On Friday, December 19, 2003, at 01:30 AM, Arvind Narayanan wrote:
On Thu, Dec 18, 2003 at 09:58:13AM -0800, Daniel Mayer
wrote:
Erik wrote:
I feel that it is extremely tedious to have to
click around
many times and load many pages to get a complete
picture of an issue, a person etc.
There is little difference between clicking on a TOC link in a huge
article
than clicking on a link to another article.
For me there's a huge difference. My latency on wikipedia
is usually between 5 and 10 seconds. OTOH I have high bandwidth.
So I would greatly prefer to download a huge article at once.

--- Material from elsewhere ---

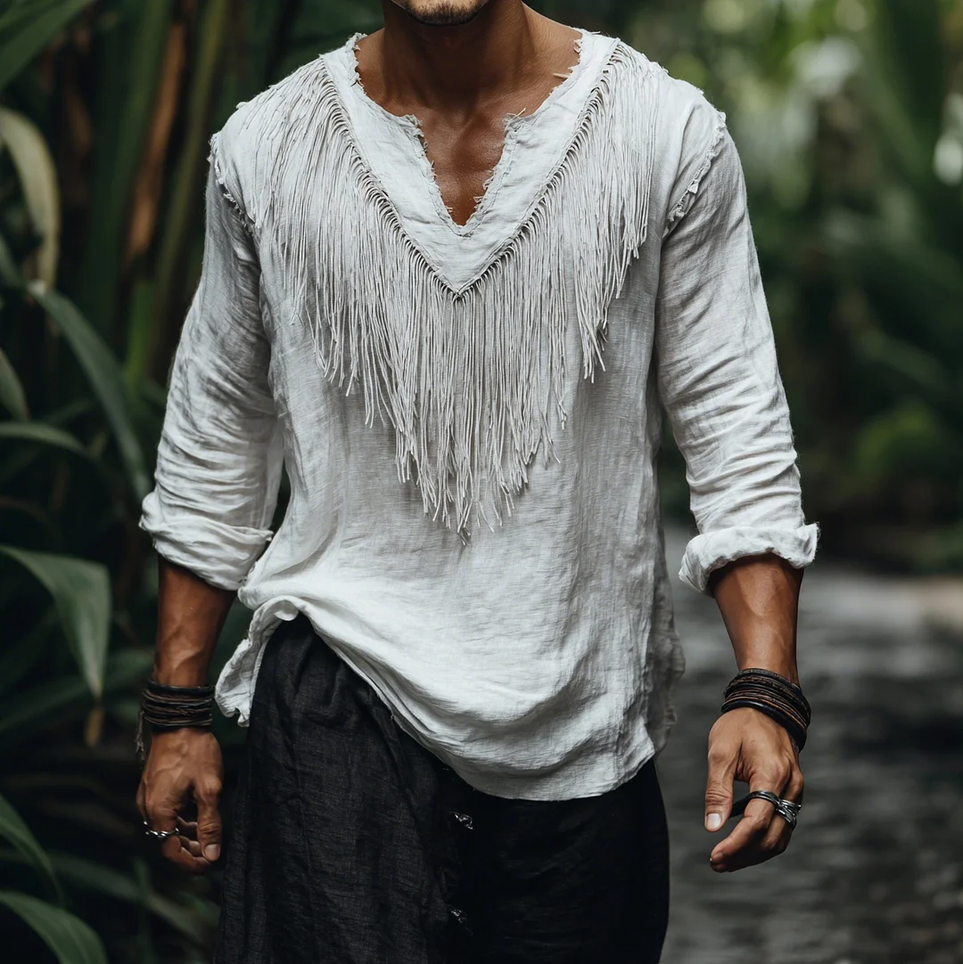 Men's Loose Linen V-Neck Long-Sleeve T-Shirt Jungle Holiday Casual Tassel Top-inspireuse

Same here. At least. But for bigger articles, it's longer. I'd much
rather read a short article and load expanded information in the
background. I object to TOC entries, though, because the links have no
context. The beauty of wiki links (and html in general) does not lie
in TOCs or see-also's. It lies in the ability to connect information
logically through context. If a single 'logical' entry is big enough
to bring up the issue of using smaller 'physical' entries---that is,
use a TOC entry with the equivalent of subpages containing sections
thereof---I think the size of the entry needs to be addressed. I don't
want to read that much in a single entry, and I certainly don't want to
edit it. And editing *across* multiple pages? Forget it, it's not
worth it, "Can't someone else do it?". That feeling hurts the wiki. A
lot.
If an entry gets to that size and detail, great, let's use the
information, but let's spread it out across a few entries, not just by
breaking it into pieces, but by separating it into multiple topics.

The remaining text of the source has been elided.